Available records:
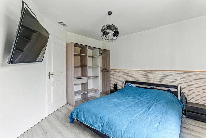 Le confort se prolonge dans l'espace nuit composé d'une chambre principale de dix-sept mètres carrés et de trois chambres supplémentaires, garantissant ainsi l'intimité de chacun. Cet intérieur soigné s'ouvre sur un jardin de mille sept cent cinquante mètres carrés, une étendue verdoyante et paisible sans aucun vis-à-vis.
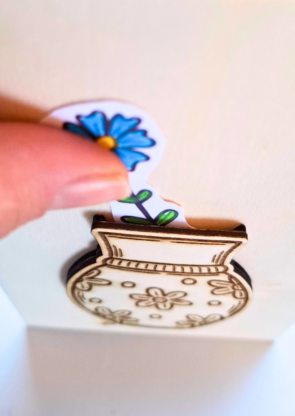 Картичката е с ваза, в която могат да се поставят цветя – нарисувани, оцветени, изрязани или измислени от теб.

...

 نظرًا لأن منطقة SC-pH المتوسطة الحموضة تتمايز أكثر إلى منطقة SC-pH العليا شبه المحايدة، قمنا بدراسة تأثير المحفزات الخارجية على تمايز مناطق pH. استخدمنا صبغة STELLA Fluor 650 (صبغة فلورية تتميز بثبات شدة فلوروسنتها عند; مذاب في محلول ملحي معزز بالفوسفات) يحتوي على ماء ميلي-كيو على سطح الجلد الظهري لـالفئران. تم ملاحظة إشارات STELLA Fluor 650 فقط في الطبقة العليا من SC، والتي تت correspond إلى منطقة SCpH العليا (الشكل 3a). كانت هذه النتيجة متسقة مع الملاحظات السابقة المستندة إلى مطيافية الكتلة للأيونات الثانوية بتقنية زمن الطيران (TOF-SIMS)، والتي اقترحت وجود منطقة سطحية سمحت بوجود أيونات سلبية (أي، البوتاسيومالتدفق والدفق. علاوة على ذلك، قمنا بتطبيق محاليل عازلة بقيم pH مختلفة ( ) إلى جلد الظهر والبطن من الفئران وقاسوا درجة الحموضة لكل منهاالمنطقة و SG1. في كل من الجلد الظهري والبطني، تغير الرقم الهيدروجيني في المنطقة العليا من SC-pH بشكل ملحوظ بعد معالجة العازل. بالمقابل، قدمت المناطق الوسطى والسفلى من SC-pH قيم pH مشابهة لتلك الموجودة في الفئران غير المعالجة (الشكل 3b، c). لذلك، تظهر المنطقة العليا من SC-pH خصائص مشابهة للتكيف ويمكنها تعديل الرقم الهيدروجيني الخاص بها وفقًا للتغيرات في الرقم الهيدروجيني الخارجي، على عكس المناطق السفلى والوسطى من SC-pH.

Exercise description:
Nothing except the lines from the one containing "Le confort se" through the one containing "Картичката е с" should appear in the answer, exactly as above and without pictures.

Exercise response:
 Le confort se prolonge dans l'espace nuit composé d'une chambre principale de dix-sept mètres carrés et de trois chambres supplémentaires, garantissant ainsi l'intimité de chacun. Cet intérieur soigné s'ouvre sur un jardin de mille sept cent cinquante mètres carrés, une étendue verdoyante et paisible sans aucun vis-à-vis.
 Картичката е с ваза, в която могат да се поставят цветя – нарисувани, оцветени, изрязани или измислени от теб.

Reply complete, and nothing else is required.